Loading Data from Unity Catalog Into a Databricks Notebook
Problem
You want to load data in the Unity Catalog into your Databricks Notebook.
Solution
Via Spark/Databricks SQL
-- loading
SELECT * FROM csv.`/Volumes/my_catalog/my_schema/my_volume/data.csv`;
-- listing
LIST '/Volumes/my_catalog/my_schema/my_volume/'
Via dbutils
df = spark.read.format('csv').load(
'/databricks-datasets/Rdatasets/data-001/csv/ggplot2/diamonds.csv',
header=True,
inferSchema=True
)
dbutils.data.summarize(df)
Python
os.listdir('/Volumes/my_catalog/my_schema/my_volume/path/to/directory')
or via Pandas
df = pd.read_csv('/Volumes/my_catalog/my_schema/my_volume/data.csv')
or pip install
-ing a python package placed inside Unity Catalog
%pip install /Volumes/my_catalog/my_schema/my_volume/my_library.whl
R
df <- read.df("/databricks-datasets/Rdatasets/data-001/csv/ggplot2/diamonds.csv", source = "csv", header="true", inferSchema = "true")

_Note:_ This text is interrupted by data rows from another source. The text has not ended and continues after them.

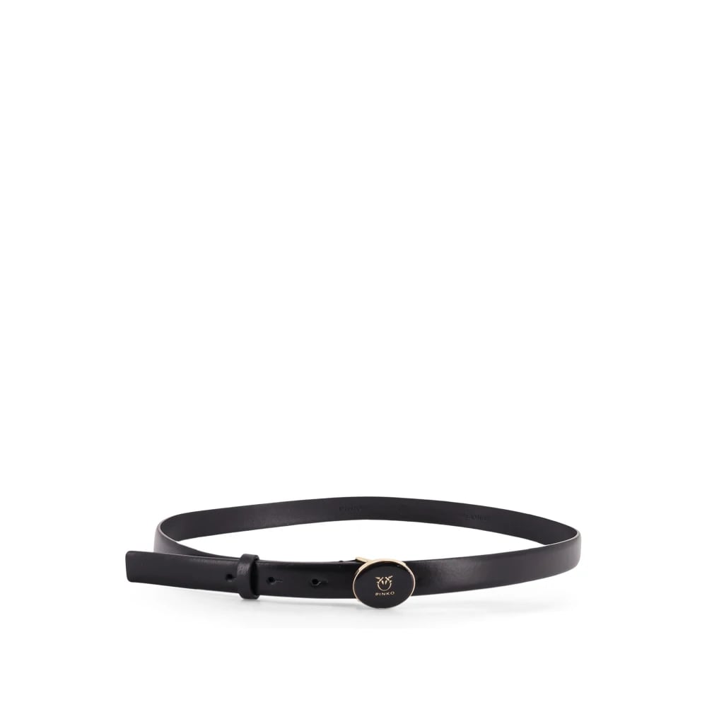 PINKO, Accessories , Dame, Sort, XS, Læder, Bælte med Love Birds Logo
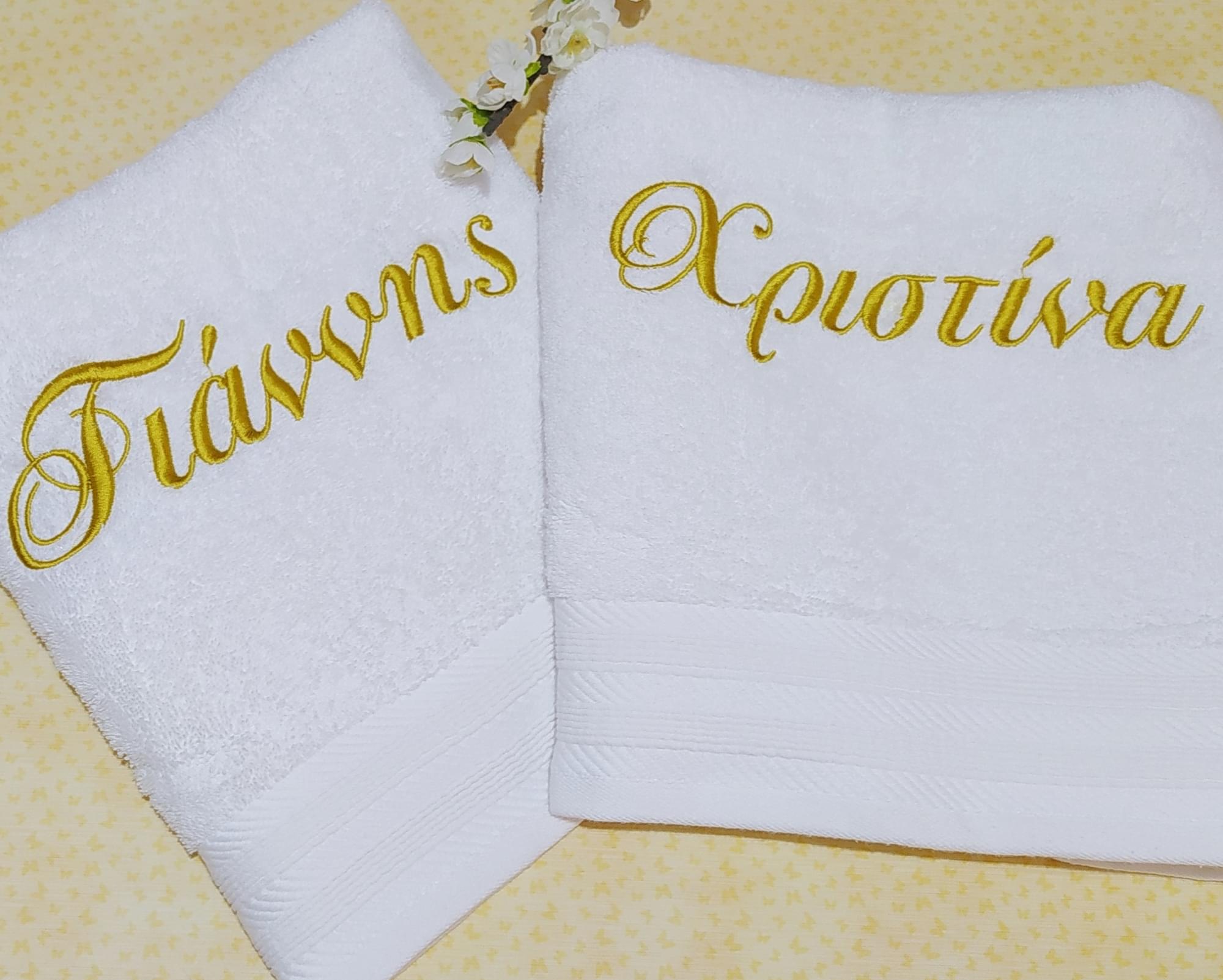 Επίλεξε το χρώμα και το μέγεθος της πετσέτας ή του σετ πετσετών, πάνω στις οποίες θέλεις να κεντηθεί το σχέδιο, καθώς και τις κλωστές που θα χρησιμοποιήσουμε.
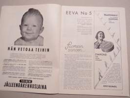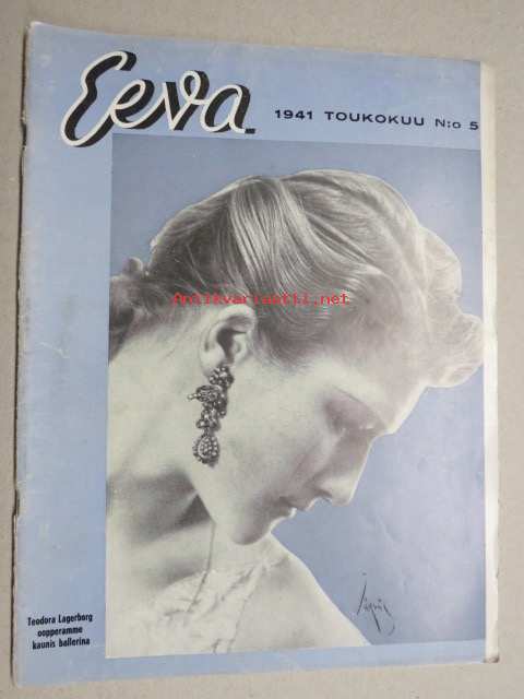 Eeva 1941 nr 5 kansikuva Teodora Lagerborg oopperamme kaunis ballerina, Äitini, Baletti akvaariossa, Poikamiesten kylä Serbiassa, Satamakaupungin teatteriväkeä, ym.
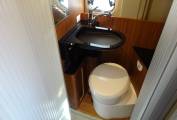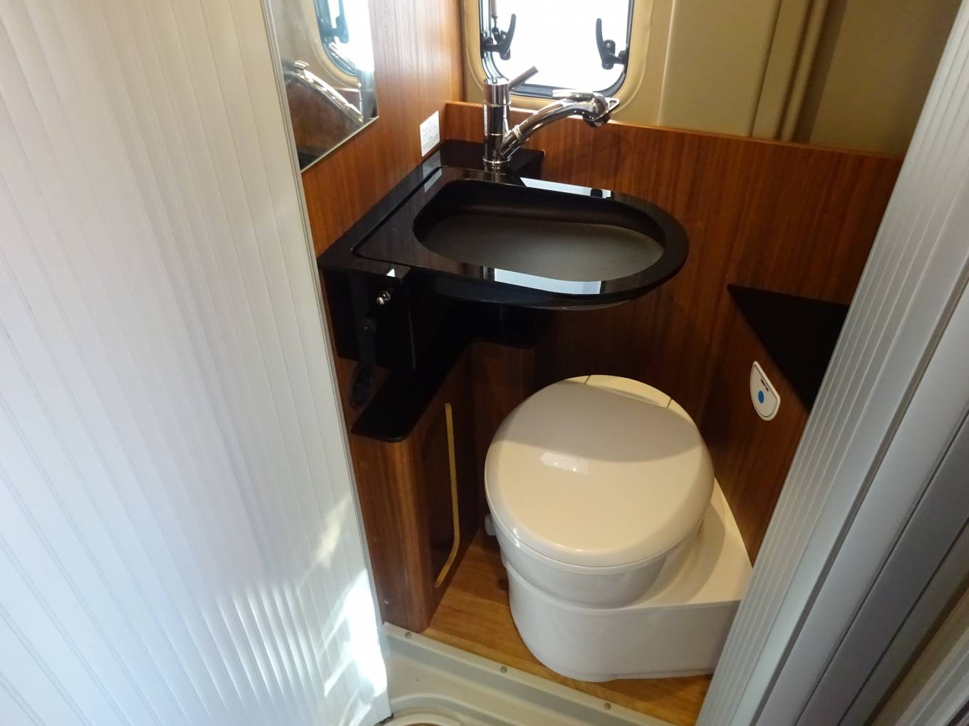 Central washroom with a full size shower enclosure, cassette toilet and folding basin.
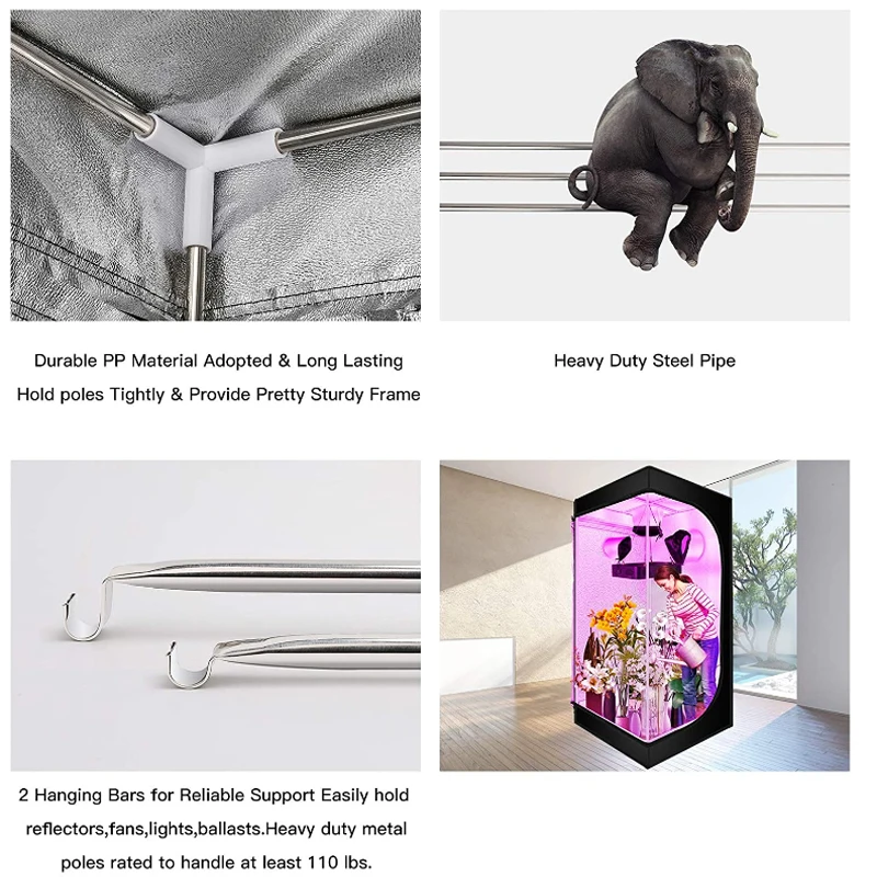 Наш тент для выращивания внутри помещения имеет стабильную конструкцию600D ткань Оксфорд снаружи и 100% высоко отражающий майлар внутриС внешней молнией дизайн обеспечивает безопасность использования и легко настроитьИ он также имеет несколько вентиляторов для размещения вентиляторов и фильтровОтлично подходит для выращивания экзотических фруктов, трав, овощей или сезонных фруктов вне сезона.Мы обещаем предоставить вам высококачественное гидропонное оборудование и услуги по нашим заводским ценам. PS: если вам нужны палатки других размеров, пожалуйста, оставьте нам сообщение, мы можем настроить в соответствии с вашими потребностями, но количество мини-заказа составляет 20 шт. для нестандартного размера. Материал трубки: Железная трубкаДиаметр соединительной трубки: 16 ммСоединительная трубка толщина: 0,8 ммВнутренний Материал подкладки: 100% светоотражающий водонепроницаемый майлар. (рисунок личи Майларовый и Алмазный Узор майларовая доставка случайным образом.)
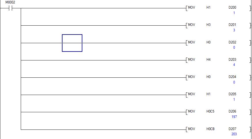 PLC發(fā)送RS程序:M8000 RS D200 K8 D100 K7
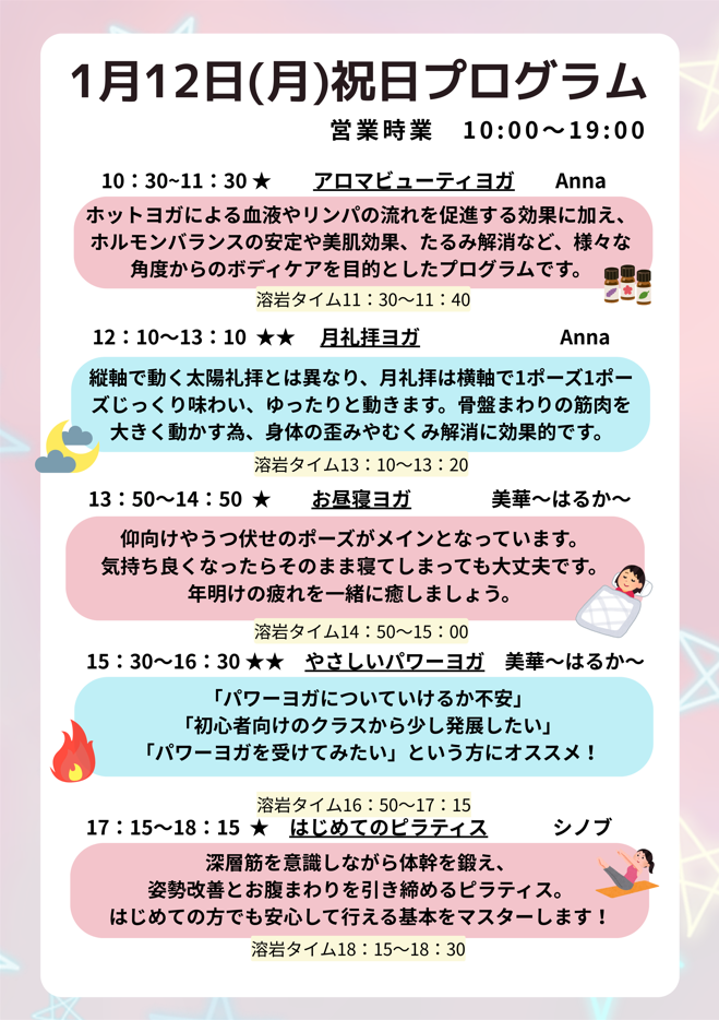 ホットヨガによる血液やリンパの流れを促進する効果に加え、ホルモンバランスの安定や美肌効果、 たるみ解消など、さまざまな角度からのボディケアを目的としたプログラムです。 難度は低めに設定していますので、初心者でも安心して受講する事ができます。
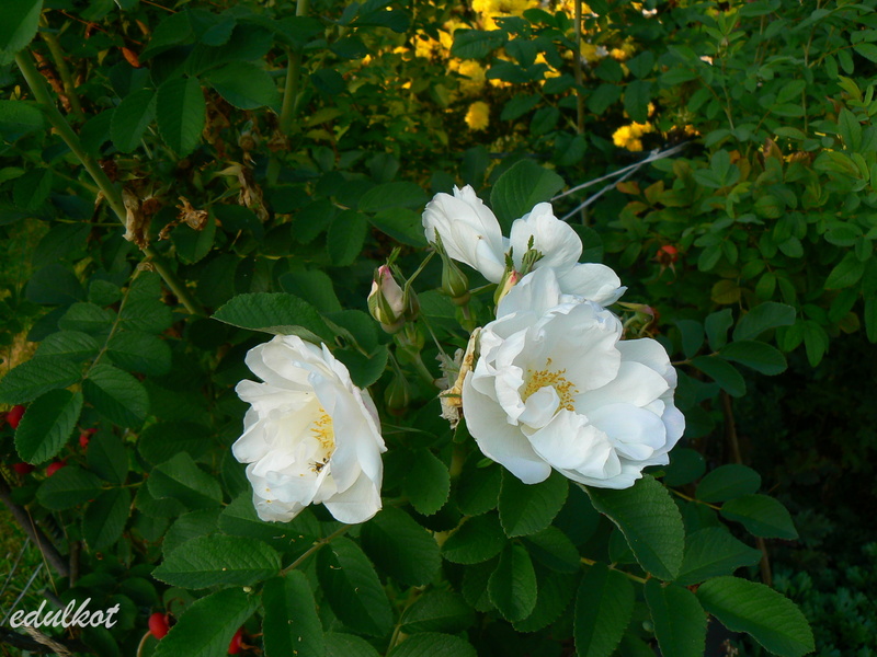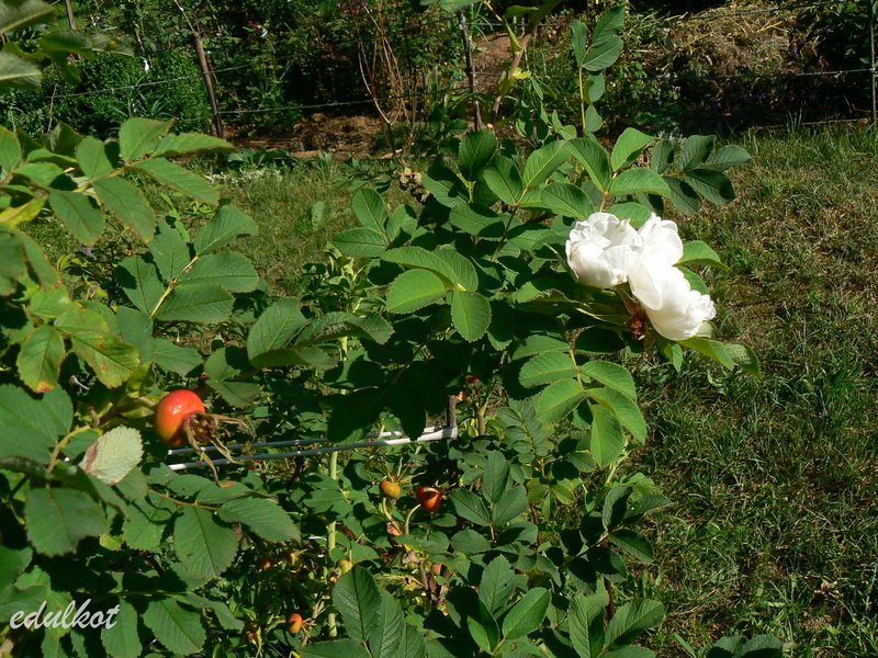 Z początku rosła słabo, ale chyba ukorzeniła się i teraz na własnych korzeniach rozrosła się bardzo. Kwitnie cały sezon, a od lipca ma jednocześnie owoce i kwiaty.
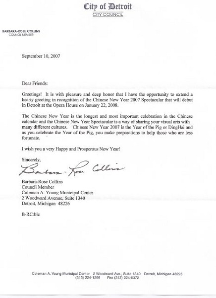 底特律市議會議員芭芭拉•羅絲•考琳斯(Barbara Rose Collins)在賀信中表示「能有機會恭賀二零零八年華人新年晚會於二零零八年一月二十二日在底特律歌劇院隆重演出,深感榮幸和欣慰。」她說:「中國新年是華人最重要的節日,具有悠久的歷史。華人新年晚會是與其他族裔分享中華文化藝術的一種有效途徑。二零零八年是農曆鼠年。在慶祝鼠年到來之際,華人新年晚會將為人們帶來好運。」
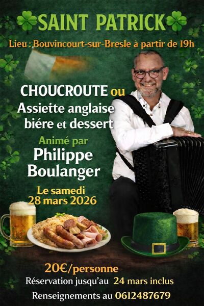 Date : Samedi 28/03/2026 Horaires : 19h Tarifs : 20€/personne Adresse de l'événement : 80100 ABBEVILLE Informations complémentaires : Animation : Orchestre Philippe Boulanger. Menu : choucroute ou assiette anglaise, bière et dessert. Réservation jusqu'au 24 mars inclus. Danses pratiquées : Danse celtique, Danse folklorique Référence de l'annonce : 65624 call06 12 48 76 79
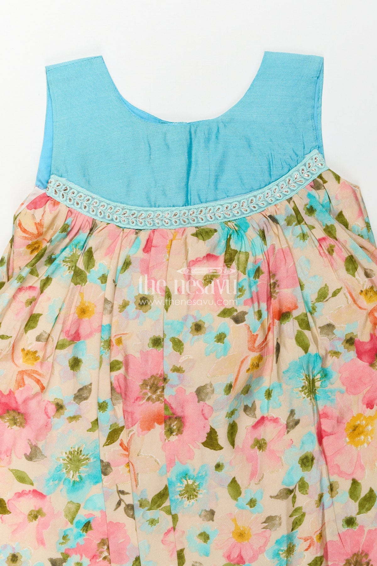 The Nesavu Girls Chanderi Frock Girls Printed Viscose Frock with Bright Floral Motifs and Blue Yoke in Long Frock for Party Wear Style Nesavu Girls Long Frock Party Wear Floral Printed Viscose Blue Embroidered Yoke Flowy Fit | The Nesavu
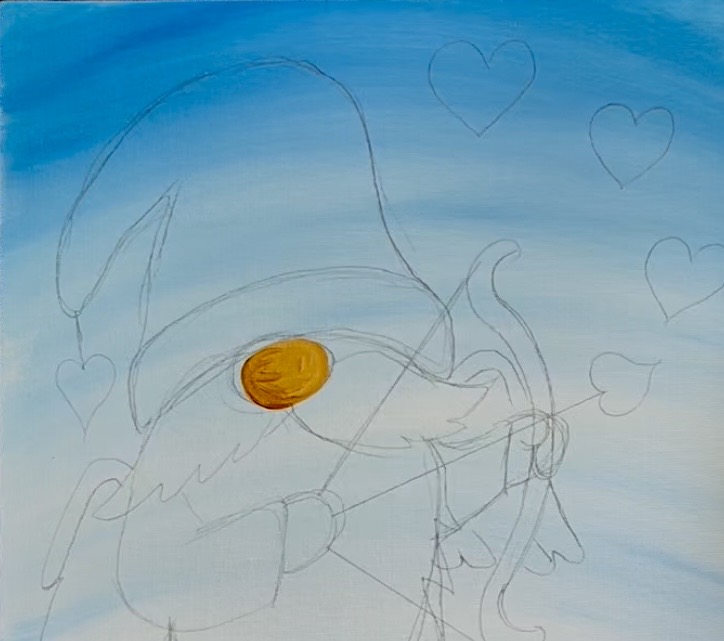 Use the #4 round brush to paint hearts in the background to fill up some of the blank spaces in the sky. You can do the hearts with any color. I used “cad red medium” mixed with “medium magenta”.
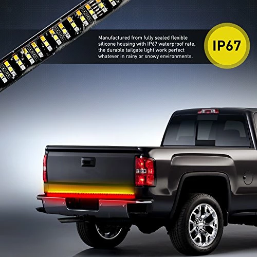 - Easy Installation: Just peel and stick, standard 4-pin flat connector plug and play. The tailgate light bar comes with tough-as-nails adhesive enhancer that can increases hold strength over 5X, no worries of falling off
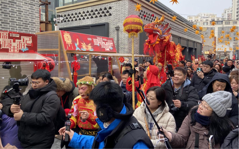 當日舉行的巡游活動將氣氛推向高潮。由雪餅猴、舞龍舞獅、糖葫蘆NPC、二次元、瘋狂動物城等角色組成的多元方陣,沿著主街歡樂行進。
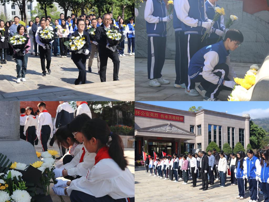苍松伴英烈,清明寄哀思。为深切缅怀公安英烈,传承红色基因,扎实推进大中小学思政课一体化建设,4月1日下午,福建开放大学马克思主义学院、共青团福建开放大学委员会、职业学院,携手中共福州市晋安区委宣传部(文明办)、附属中学鳝溪校区、双溪社区,齐聚福建公安英烈纪念园,共同开展“缅怀革命先烈 传承红色基因”主题祭扫活动,80余人共上一堂特殊而深刻的“思政课”。

dbutils.data.summarize(df)
Scala
val df = spark.read.format("csv")
.option("inferSchema", "true")
.option("header", "true")
.load("/databricks-datasets/Rdatasets/data-001/csv/ggplot2/diamonds.csv")
dbutils.data.summarize(df)
Discussion
In general, external data should be placed in the Unity Catalog Volumes. See the discussion in recipe "Saving Results from a Databricks Notebook to a File" for more information about Unity Catalog.